Variant prector reports from our repo
```{r, echo = FALSE}
# library
library(knitr)
# generated the work flow on terminal using
# the dirctory and path is found in my computer for the image
#command visualises the results from variant predictor effector
knitr::include_graphics("/home/icipe/varianteffector.pdf")
#include_graphics("/home/icipe/VariantEffectPredictorresults-Homosapiens-Ensemblgenomebrowser97.pdf")
```
Snakemake is a diverse language, that can be used for manipulation of data, in this example: we would like to diplay only phase one of the variant calling analysis.

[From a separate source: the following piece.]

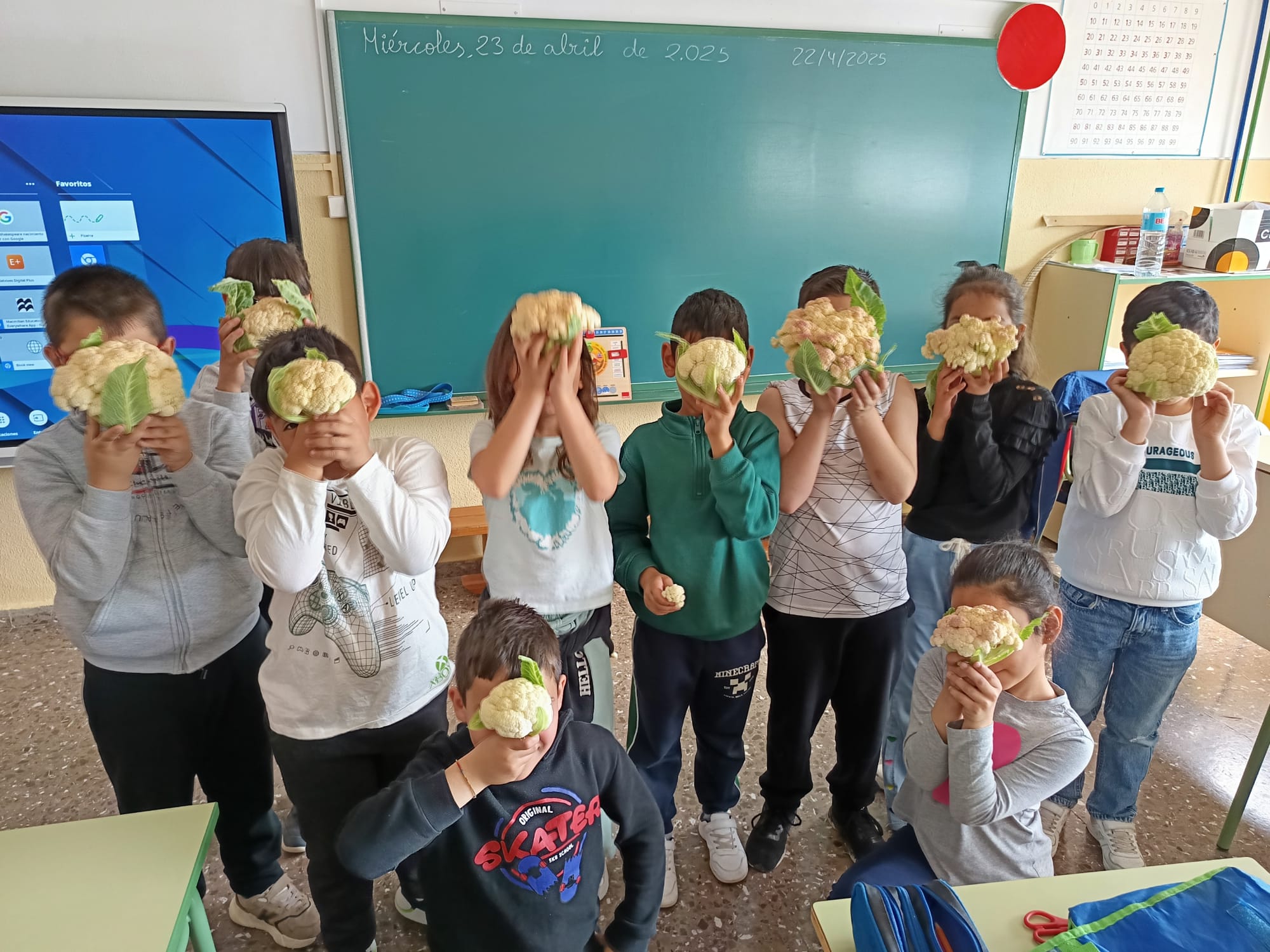 Los chicos de segundo y cuarto recolectan en el huerto (abril de 2025)

Employing rmarkdown and commands from snakemake we demonstrate the versatity of the workflow language
```{r}
#Also one has the option to run any number of rules they require
# library installation
library(reticulate)
library(tidyverse)
# command from snakemake (diplays the output of phase one script: preprocesing of reads
#(fastqc analysis(fastqc), adapter removal and contaminate removal(trimmomatics)))
# to run a dry run of the snakemake command
# removing intern = true displays the results in the console
system("/home/icipe/miniconda3/envs/variant_calling/bin/snakemake -n --until trimming_reads")
# use of intern = true is used to display knitr output in either pdf or html
system("/home/icipe/miniconda3/envs/variant_calling/bin/snakemake -n --until trimming_reads", intern = TRUE)
```
```{r}
#Also one has the option to run any number of rules they require
###library installation
library(reticulate)
library(tidyverse)
# this useful for the application of snakemake command
system("/home/icipe/miniconda3/envs/variant_calling/bin/snakemake -n --help")
```
The snakemake pipeline was evaluated with data used for acreditation in H3Africa consortium. The data was evaluated to have reported 27921 SNPs and 1589 INDELs demonstrating the functionality of our work flow. Although the snakemake workflow was able to generate the SNPs vcf files. Additional study is required for other types of variant studies.